Здраствуйте! Возможно не по теме! При выполнении запроса select * from M_D я получаю значения таблицы, а при выполнении 
select * from M_D where ID_M = 62782 непроисходит соединение с базой(Произошла исключительная ситуация (ADODB.Recordset): Операция не допускается, если объект закрыт.) 

При выполнении запроса в IBexpert получаю "Invalid token. 
invalid request BLR at offset 2. 
function UDF_HASH is not defined. 
module name or entrypoint could not be found." 

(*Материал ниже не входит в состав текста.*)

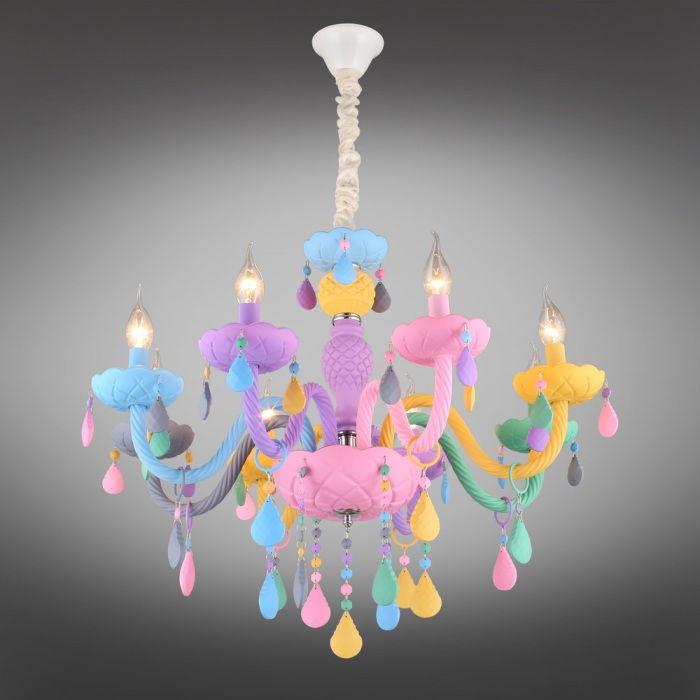Подходят лампочки цоколя E14 мощностью 320 Вт, в количестве 8 ед. Цвет модели OML-65803-08: Голубой,Жёлтый,Разноцветный,Розовый.

Подскажите пожалуйста в чем проблема? Использую Firebird-2.5.2.26539_0_Win32,Firebird_ODBC_2.0.1.152_Win32, 1С:Предприятие 8.2 (8.2.16.352). 

Код 1С: 

// Формируем строку подключения 
 ConnectionБД = Новый COMОбъект("ADODB.Connection"); 
 ConnectionБД.ConnectionString = "Driver=Firebird/InterBase® driver;" + 
 "Dbname=D:\fdb\base.FDB;" + // Исправьте на свой IP, порт и путь к базе данных ! 
 "UID=user;" + // Исправьте на свое имя пользователя ! 
 "PWD=user;" + // Исправьте на правильный пароль ! 
 "CHARSET=WIN1251"; // Исправьте на свою кодировку подключения !!! 
 ConnectionБД.ConnectionTimeout = 15; 
 ConnectionБД.CursorLocation = 3; 
 // Подключаемся к базе данных 
 попытка 
 ConnectionБД.Open(ConnectionБД.ConnectionStrin  g); 
 исключение 
 Сообщить("Не удалось выполнить подключение " + ОписаниеОшибки()); 
 Возврат; 
 КонецПопытки; 

 RS = Новый COMОбъект("ADODB.Recordset"); 
 Str = "select * from M_D where ID_M = 62782"; 

 попытка 
 RS.Open(Str, ConnectionБД); 
 исключение 
 Сообщить ("Проблемы с выполнением запроса к FireBird"); 
 КонецПопытки; 

 Пока RS.EOF() = 0 Цикл 
 Name = RS.Fields("Name").Value; 
 ID_M = RS.Fields("ID_M").Value; 
 ID = RS.Fields("ID").Value; 
 СтрокаТабличногоДокумента = ТабличнаяЧасть1.Добавить(); 
 СтрокаТабличногоДокумента  .ид = ID; 
 СтрокаТабличногоДокумента  .ид_м = ID_M; 
 СтрокаТабличногоДокумента  .Номенклатура = Name; 
 RS.MoveNext(); 
 КонецЦикла;

----------


## domovoy

также при виполнения запроса(select * from M_D where ID_M = 62782) выдает ошибку:
This operation is not defined for system tables.
unsuccessful metadata update.
request depth exceeded. (Recursive definition?)

Тип ID_M

BIGINT
 DEFAULT 0
 NOT NULL

----------


## domovoy

С некоторыми таблицами запрос выполняетса, а с етой чтото непонятное. выдает ошибки:
This operation is not defined for system tables.
 unsuccessful metadata update.
 request depth exceeded. (Recursive definition?).

Подскажите пожалуйста что не такИ

----------


## domovoy

Всем спасибо! Разобралса. Исполнение запроса прекрасно работает на сервере. Нужно подучить мат часть!!

----------


## GoodNil

Сам с собой разговаривал?

----------